_Exercise aim_
Exact copy, no pictures: repeat the data that follows.

_Dataset excerpt_
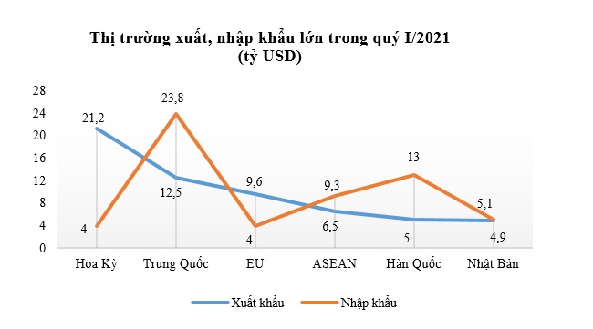 Xét theo quy mô thị trường, xuất khẩu của Việt Nam sang Hoa Kỳ quý đầu năm nay tăng 32,8% so với cùng kỳ năm trước, đây là thị trường xuất khẩu lớn nhất của Việt Nam. Thị trường Trung Quốc tăng 34,3%; EU tăng 14,2%; ASEAN tăng 3,4%; Hàn Quốc tăng 6,4%; Nhật Bản giảm 1,5%.
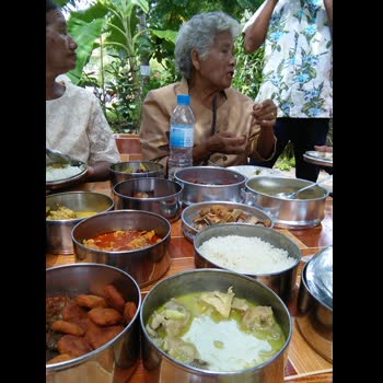 | คำอธิบาย : ชาวบ้านร่วมจัดสำรับอาหารงานสารทเดือนสิบ |
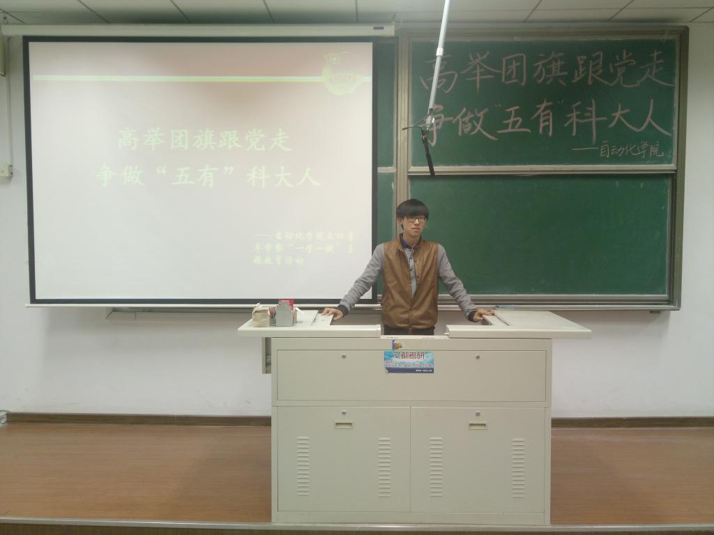 7:00活动准时开始,郭敬宇首先介绍了本次活动的主题:学习习近平总书记重要讲话精神、开展喜迎十九大。简练的开场后,郭敬宇带领大家观看了教育视频《入团第一课》。视频时长约45分钟,通过虚拟表兄妹角色晨轩、雨涵围绕“入团”这一主题的简约故事情节,生动展现了“党的关怀”“团的历史”“身边的共青团”“青年典型说”“加入共青团”等内容。同学们看的很投入,视频结束后,大家纷纷交流观看中的所思所感,总体了解到了党对青少年和共青团的亲切关怀和殷切期望,了解到了团的光荣历史和优良传统,了解到了共青团的品牌工作,了解到了发展团员的基本要求和程序仪式。接着,通过PPT的形式,郭敬宇带领大家学习了2017“齐鲁最美青年”的事迹,这一批模范践行社会主义核心价值观、带头传播正能量,是一批身边好青年,他们可亲可信可学的榜样力量,使不少同学很是感动,决心要见贤思齐、崇德向善,不忘初心、奋力拼搏。活动接近尾声,郭敬宇总结了会议成果,嘱咐大家铭记此次活动,不断思索,在目前岗位上奉献自己作为共青团员的一份力量。
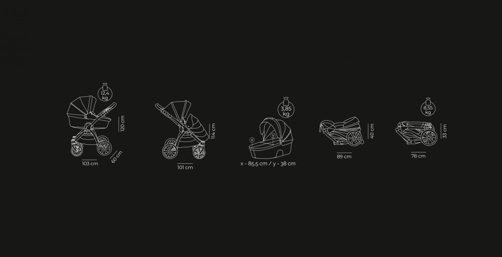 Kombinaci 2v1 tvoří podvozek, sedák, korbička a přebalovací taška. Lze dokoupit autosedačka 0-13kg v černé barvě včetně adaptérů pro připevnění na podvozek kočárku.

_Written response_
 Xét theo quy mô thị trường, xuất khẩu của Việt Nam sang Hoa Kỳ quý đầu năm nay tăng 32,8% so với cùng kỳ năm trước, đây là thị trường xuất khẩu lớn nhất của Việt Nam. Thị trường Trung Quốc tăng 34,3%; EU tăng 14,2%; ASEAN tăng 3,4%; Hàn Quốc tăng 6,4%; Nhật Bản giảm 1,5%.
 | คำอธิบาย : ชาวบ้านร่วมจัดสำรับอาหารงานสารทเดือนสิบ |
 7:00活动准时开始,郭敬宇首先介绍了本次活动的主题:学习习近平总书记重要讲话精神、开展喜迎十九大。简练的开场后,郭敬宇带领大家观看了教育视频《入团第一课》。视频时长约45分钟,通过虚拟表兄妹角色晨轩、雨涵围绕“入团”这一主题的简约故事情节,生动展现了“党的关怀”“团的历史”“身边的共青团”“青年典型说”“加入共青团”等内容。同学们看的很投入,视频结束后,大家纷纷交流观看中的所思所感,总体了解到了党对青少年和共青团的亲切关怀和殷切期望,了解到了团的光荣历史和优良传统,了解到了共青团的品牌工作,了解到了发展团员的基本要求和程序仪式。接着,通过PPT的形式,郭敬宇带领大家学习了2017“齐鲁最美青年”的事迹,这一批模范践行社会主义核心价值观、带头传播正能量,是一批身边好青年,他们可亲可信可学的榜样力量,使不少同学很是感动,决心要见贤思齐、崇德向善,不忘初心、奋力拼搏。活动接近尾声,郭敬宇总结了会议成果,嘱咐大家铭记此次活动,不断思索,在目前岗位上奉献自己作为共青团员的一份力量。
 Kombinaci 2v1 tvoří podvozek, sedák, korbička a přebalovací taška. Lze dokoupit autosedačka 0-13kg v černé barvě včetně adaptérů pro připevnění na podvozek kočárku.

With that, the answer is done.